I asked him whether the lesson he has drawn is that only the government can produce system-wide improvements. “It pains me to say this as a free-market advocate, but you have to have [the] government act in this case. Health care is very complex. Only at a systemic level can you figure out what works best based on the evidence, and what procedures and treatments are not worth the money,” he said.
Paul Krugman also explains why the free market doesn't work in health care.
There are two strongly distinctive aspects of health care. One is that you don’t know when or whether you’ll need care — but if you do, the care can be extremely expensive. The big bucks are in triple coronary bypass surgery, not routine visits to the doctor’s office; and very, very few people can afford to pay major medical costs out of pocket.
This tells you right away that health care can’t be sold like bread. It must be largely paid for by some kind of insurance. And this in turn means that someone other than the patient ends up making decisions about what to buy. Consumer choice is nonsense when it comes to health care. And you can’t just trust insurance companies either — they’re not in business for their health, or yours.
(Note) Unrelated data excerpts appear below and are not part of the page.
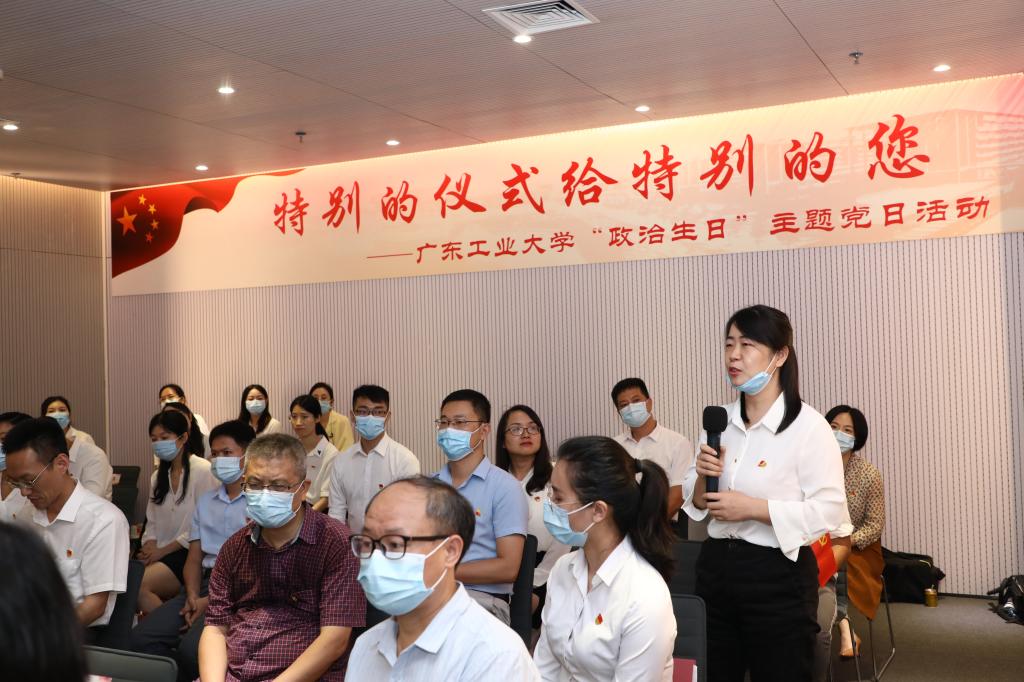 朴实的语言、真挚的情感引起了党员们的共鸣。胡钦太认真倾听,动情地指出,回顾广工历史和各阶段涌现出的先进典型,学校始终与国家同呼吸、共命运,坚持“与广东崛起共成长,为广东发展做贡献”的精神底色。广工的共产党员传承红色基因,在秉持初心、坚守初心、锤炼初心中不断前行,一步一个脚印镌刻在广东大地上,业绩丰硕。他寄语广工党员,要从百年党史中汲取智慧和力量,在新征程新起点上一要不忘初心、牢记使命,切实落实立德树人根本任务,为党育人,为国育才;二要改革创新,激发活力,敢于啃“硬骨头”,深化改革推动学校高质量发展;三要内强素质,外塑形象,提升综合素质与能力,强化示范引领作用,为人师表,率先垂范;四要扎根广东,面向世界,把学校发展深度融入党和国家需求,遵循教育规律,弘扬优良传统,自觉肩负起新时代赋予高校的历史使命。
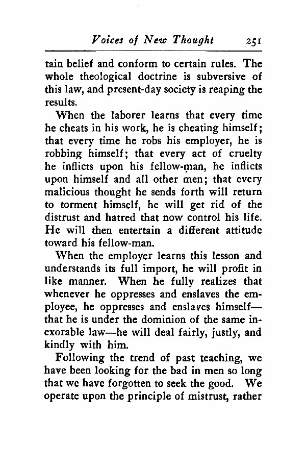 When the laborer learns that every time he cheats in his work, he is cheating himself; that every time he robs his employer, he is robbing himself; that every act of cruelty he inflicts upon his fellow-man, he inflicts upon himself and all other men; that every malicious thought he sends forth will return to torment himself, he will get rid of the distrust and hatred that now control his life. He will then entertain a different attitude toward his fellow-man.
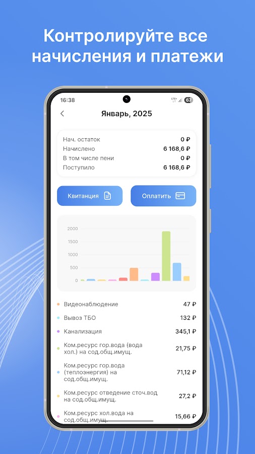 Контроль задолженности: подробная информация обо всех начислениях и платежах.
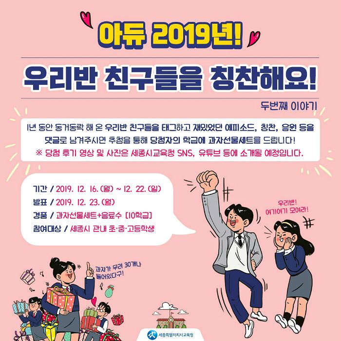 '아듀 2019! 우리반 친구들을 칭친해요!' 댓글 이벤트는 16일부터 오는 22일까지 7일 동안 진행된다. 세종시 초·중·고 학생이라면 누구나 참여할 수 있다.
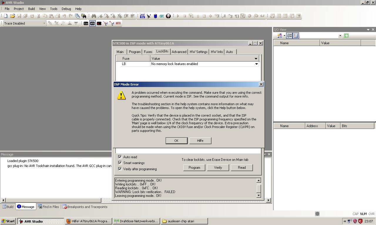 Versuche einen Chip auszulesen aber es kann sein das er gesperrt ist bei Lockbits steht: Further programming and verification disabled Wenn ich es auf "No memory lock features enabled" ändern möchte kommt folgender fehler wie im Dateianhang. Kann man das evtl. umgehen ? bzw. entsperren
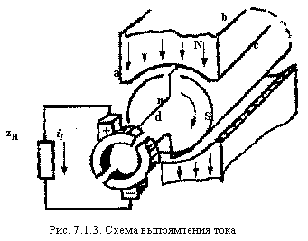 Чтобы выпрямить переменный ток, необходимо в машине применить коллектор (рис. 7.1.3).
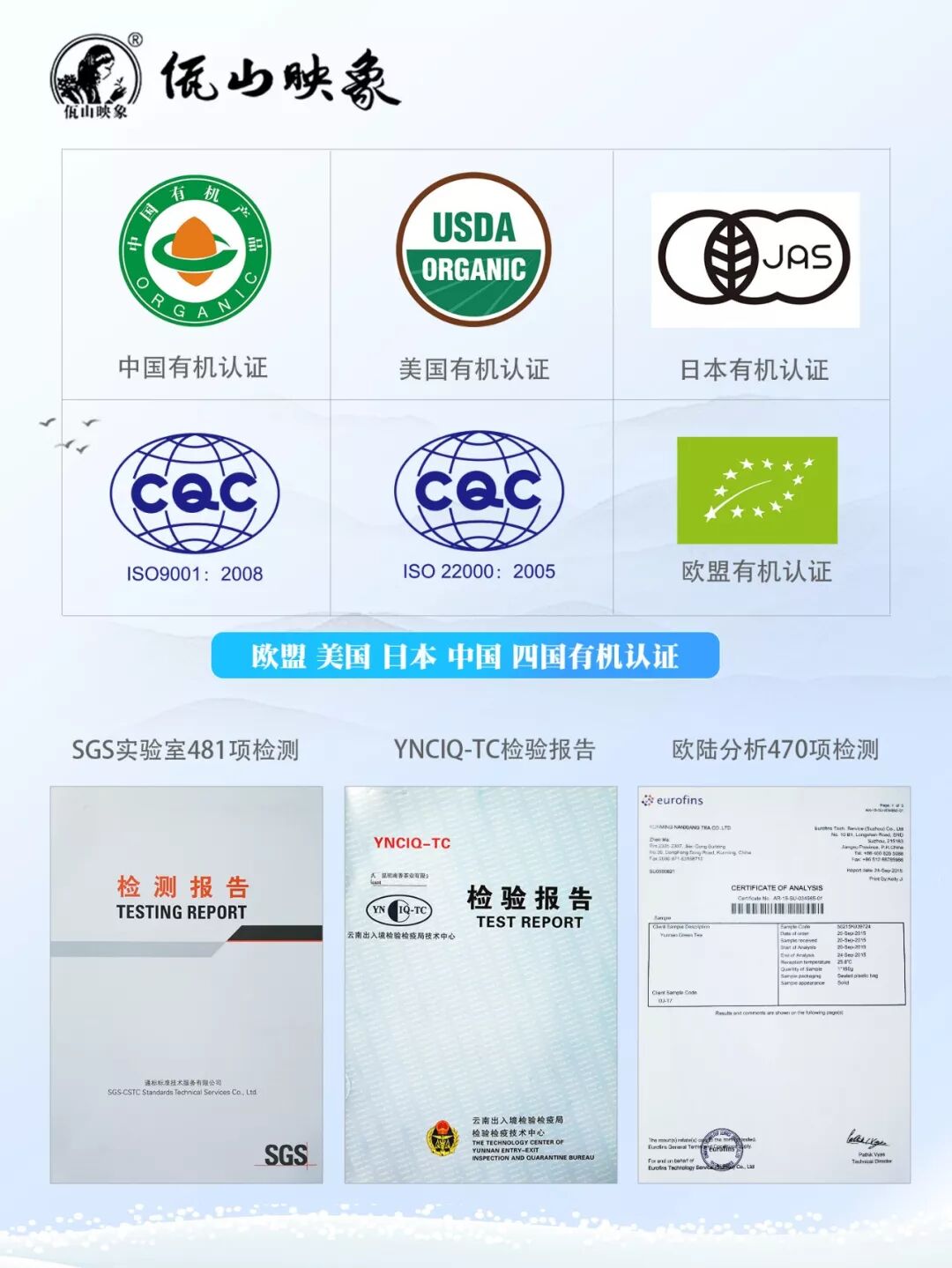 數(shù)據(jù)是我們最好的表達(dá)方式。因為,我們的品質(zhì)有最根本的保證。從源頭到成品,都有歐盟、美國、日本、中國四個地區(qū)的有機(jī)認(rèn)證,是市面上不多見的兩款安心好喝的有機(jī)普洱茶。

...The second thing about health care is that it’s complicated, and you can’t rely on experience or comparison shopping. (“I hear they’ve got a real deal on stents over at St. Mary’s!”) That’s why doctors are supposed to follow an ethical code, why we expect more from them than from bakers or grocery store owners.
You could rely on a health maintenance organization to make the hard choices and do the cost management, and to some extent we do. But HMOs have been highly limited in their ability to achieve cost-effectiveness because people don’t trust them — they’re profit-making institutions, and your treatment is their cost.
Between those two factors, health care just doesn’t work as a standard market story.